GRRM is worried AI will finish writing his books before him
Would you rather it was finished by 100 duck sized George RR Martins or a George RR Martin sized duck?
Get those 100 duck sized GRRM’s a bunch of mini keyboards and they’ll get it done 100 times faster
And then everyone would bitch because it wasn’t good, like what happend with the last seasons of GoT.
Another moment in A Dream of Spring involved Bran receiving a vision that The Wall was not just a physical barrier, but a mystical shield holding back the Night King’s power. “This twist fits well within the universe and raises tension for the remainder of the story,” Swayne remarks.
That’s just a popular fan theory that has been discussed countless times on various forums.
I guess we can conclude that ChatGPT has been reading a lot of reddit.
Actually getting a good ending to the ASOIAF after GRRM dies is gonna be one of the big turning points that transforms everyone’s opinion on AI.
It’s gonna be like fan edits for movies. People will debate which is the better version of the story. The only person hurt by this is George, who will be dead and was never going to finish the books anyways.
The authors added that OpenAI’s LLMs could result in derivative work “that is based on, mimics, summarizes, or paraphrases” their books, which could harm their market.
Ok, so why not wait until those hypothetical violations occur and then sue?
Because the outcome of suing first is to address the potential outcome of what could happen based on what OenAI is doing right now. Kind of like how safety regulations are intended to prevent future problems based on what has happened previously, but expanded similar potential dangers instead of waiting for each exact scenario to happen.
But if OpenAI cannot legally be inspired by your work, the implication is humans can’t either.
It’s not how copyright works.
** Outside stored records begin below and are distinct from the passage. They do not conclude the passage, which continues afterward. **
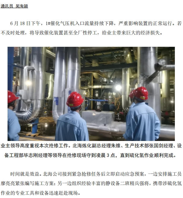 北海公司:5 小時高效搶修,力保催化裝置穩(wěn)定運行
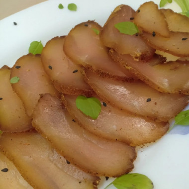 От приготовления котлет из курицы осталась куриная грудка, никак не могла решить что из неё приготовить. И решила её повялить. Нашла простой и понятный рецепт карпаччо из курицы в домашних условиях. Когда-то мы с мужем пробовали вялить куриные грудки, с тех пор осталась нитритная соль. Решила использовать именно её, ведь продукт не проходит термическую обработку. Добавила к ней чесночный порошок, щепотку острого перца и паприку. От себя добавила смесь итальянских трав. Как и указано в рецепте, грудку натерла смесью и оставила мариноваться в холодильнике на ночь, два раза переворачивала. Жидкости выделилось много, соль хорошо её вытягивает. Мясо туго обвязала веревочкой, завернула в марлю и подвесила в коридоре напротив окна, солнца там нет. Грудка вялилась четверо суток. За это время мясо усохло примерно на 25-30%, веревочка свободно болталась) Просолилась грудка идеально, специями напиталась тоже прекрасно. Очень приятный аромат чесночка, трав и перца! Мясо имеет однородную структуру и лёгкую корочку, закала нигде нет. Курочка вкусная, нежная, приятно жуется. Режется тоже хорошо, тонко. Отличный рецепт простой и вкусной закуски!
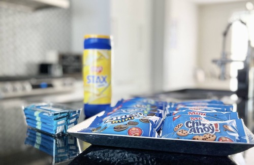 • stove, oven, dishwasher, coffee maker, snacks, spices, oil/vinegar, coffee essentials, pots/pans, utensils, plates, bowls, mugs, glasses, foils, clear wrap, parchment paper, garbage bags, sponges, paper towels and extras.
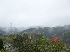 ↑ 朝から小ぬか雨で、遠くの山の景色は霞がかかったようです。
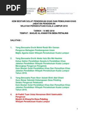 Salutasi Teks Majlis Tilawah Alquran Dan Nasyid Pend Khas Wpkl 2018

Transformative work is transformative.
The way I’ve heard it described: If I check out a home repair book and use that knowledge to do some handy-man work on the side, do I owe the publisher a cut of my profits?
How is that the implication?
Inspiration is something we do through conscious experience. Just because some statistical analysis of a word cloud can produce sentences that trick a casual observer into thinking a person wrote them doesn’t make it a creative process.
In fact, I can prove to you that (so-called) AI can never be creative.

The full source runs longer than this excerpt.